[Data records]
____

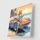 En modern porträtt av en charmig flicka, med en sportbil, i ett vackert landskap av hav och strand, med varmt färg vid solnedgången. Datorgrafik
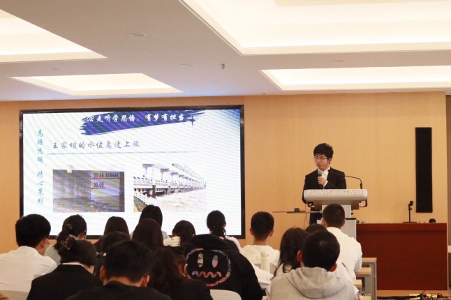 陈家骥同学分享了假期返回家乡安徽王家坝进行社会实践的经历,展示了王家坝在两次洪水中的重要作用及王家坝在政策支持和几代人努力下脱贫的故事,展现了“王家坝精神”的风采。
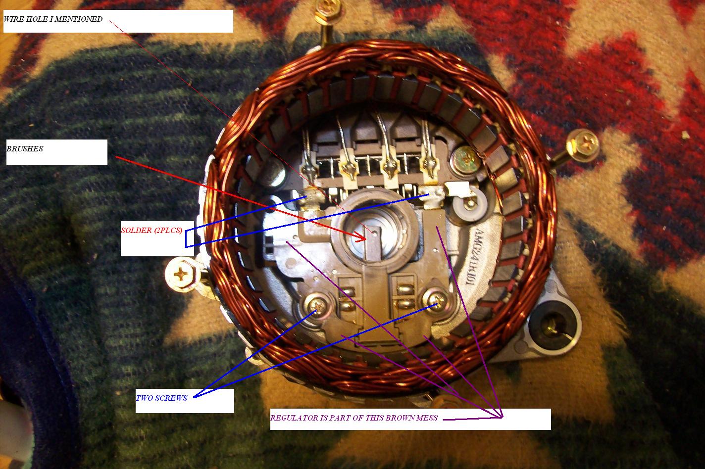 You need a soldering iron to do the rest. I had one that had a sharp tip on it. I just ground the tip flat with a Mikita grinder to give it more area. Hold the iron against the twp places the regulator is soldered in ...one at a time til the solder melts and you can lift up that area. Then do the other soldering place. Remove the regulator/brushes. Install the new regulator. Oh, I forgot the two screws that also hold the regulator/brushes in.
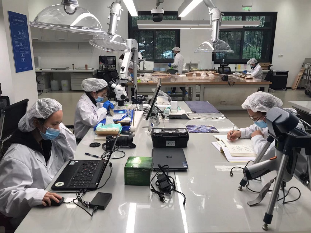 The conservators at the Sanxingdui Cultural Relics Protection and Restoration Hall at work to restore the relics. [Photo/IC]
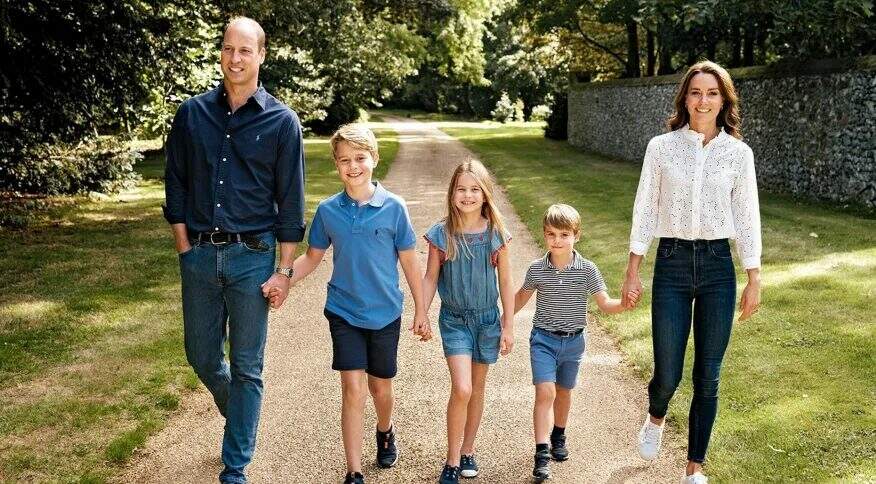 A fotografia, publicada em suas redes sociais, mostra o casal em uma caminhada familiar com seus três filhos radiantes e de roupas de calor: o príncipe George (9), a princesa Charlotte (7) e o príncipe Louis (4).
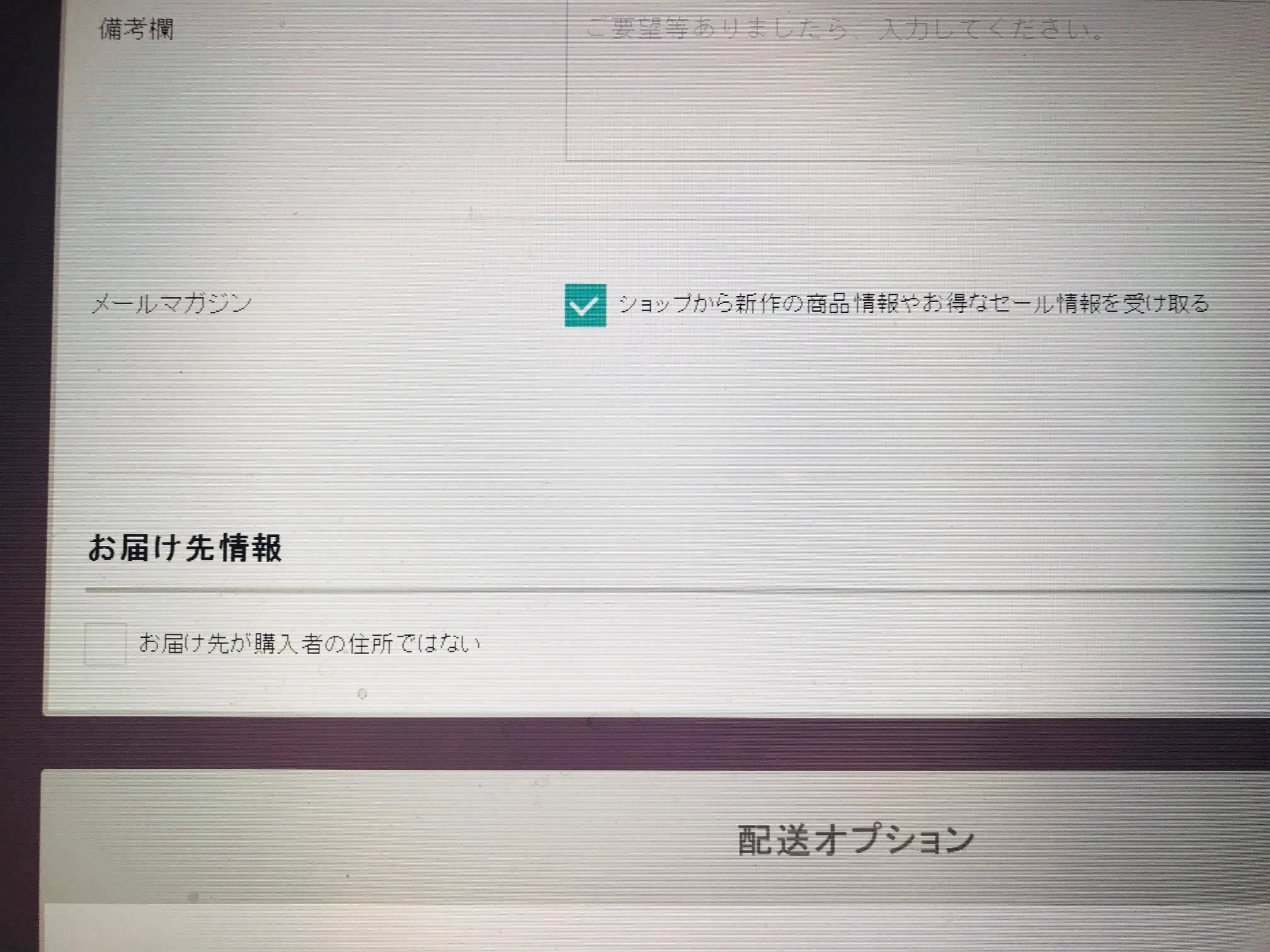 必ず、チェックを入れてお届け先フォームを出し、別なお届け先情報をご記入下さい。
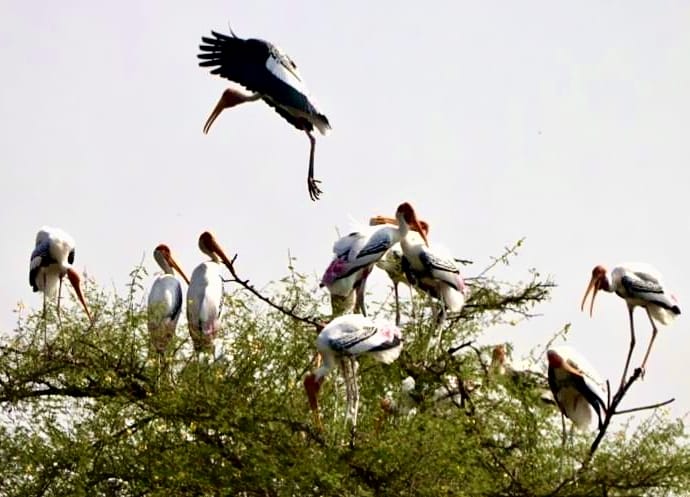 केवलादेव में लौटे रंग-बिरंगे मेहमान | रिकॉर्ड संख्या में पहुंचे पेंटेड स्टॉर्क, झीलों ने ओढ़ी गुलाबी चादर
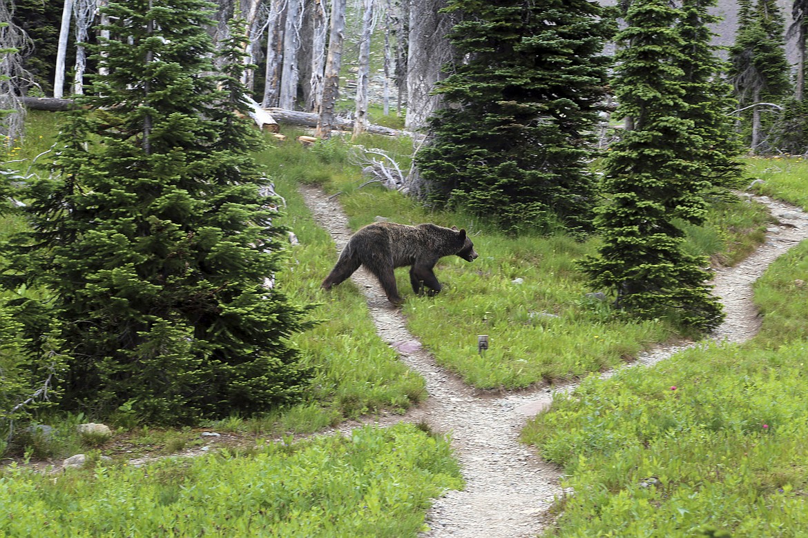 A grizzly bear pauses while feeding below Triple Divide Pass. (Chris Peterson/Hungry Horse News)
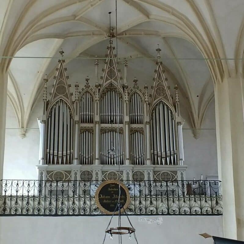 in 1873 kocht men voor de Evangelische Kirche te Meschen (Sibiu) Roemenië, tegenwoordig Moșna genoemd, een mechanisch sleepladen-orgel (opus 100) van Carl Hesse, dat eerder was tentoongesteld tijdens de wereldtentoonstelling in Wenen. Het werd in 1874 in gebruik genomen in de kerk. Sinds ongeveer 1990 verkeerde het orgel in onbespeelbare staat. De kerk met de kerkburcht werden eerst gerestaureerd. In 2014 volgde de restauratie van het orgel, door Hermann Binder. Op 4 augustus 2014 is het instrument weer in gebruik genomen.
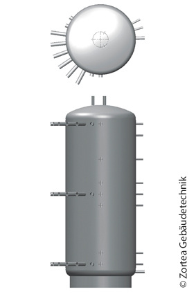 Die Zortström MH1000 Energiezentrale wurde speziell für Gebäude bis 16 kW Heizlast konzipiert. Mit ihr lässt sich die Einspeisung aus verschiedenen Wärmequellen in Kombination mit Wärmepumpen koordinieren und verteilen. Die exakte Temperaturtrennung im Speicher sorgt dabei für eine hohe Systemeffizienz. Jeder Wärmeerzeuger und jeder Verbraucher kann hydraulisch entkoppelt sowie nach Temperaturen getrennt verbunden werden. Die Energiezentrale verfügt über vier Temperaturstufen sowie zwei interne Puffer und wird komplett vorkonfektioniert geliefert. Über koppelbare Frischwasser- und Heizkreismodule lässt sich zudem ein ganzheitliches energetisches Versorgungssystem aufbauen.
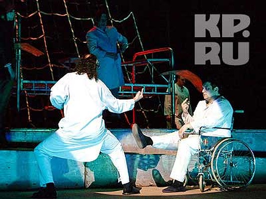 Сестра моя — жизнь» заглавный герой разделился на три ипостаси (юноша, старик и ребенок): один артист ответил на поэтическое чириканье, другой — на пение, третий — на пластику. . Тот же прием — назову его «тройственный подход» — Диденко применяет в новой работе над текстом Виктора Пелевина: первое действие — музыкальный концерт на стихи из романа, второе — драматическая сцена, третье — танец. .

____

▸ DIRECTIONS FOR THIS TASK:
Instructions for the copy: start at the first entry, stop after the line containing "陈家骥同学分享了假期返回家乡", keep every line exact, and drop the pictures.

▸ EXERCISE SOLUTION:
 En modern porträtt av en charmig flicka, med en sportbil, i ett vackert landskap av hav och strand, med varmt färg vid solnedgången. Datorgrafik
 陈家骥同学分享了假期返回家乡安徽王家坝进行社会实践的经历,展示了王家坝在两次洪水中的重要作用及王家坝在政策支持和几代人努力下脱贫的故事,展现了“王家坝精神”的风采。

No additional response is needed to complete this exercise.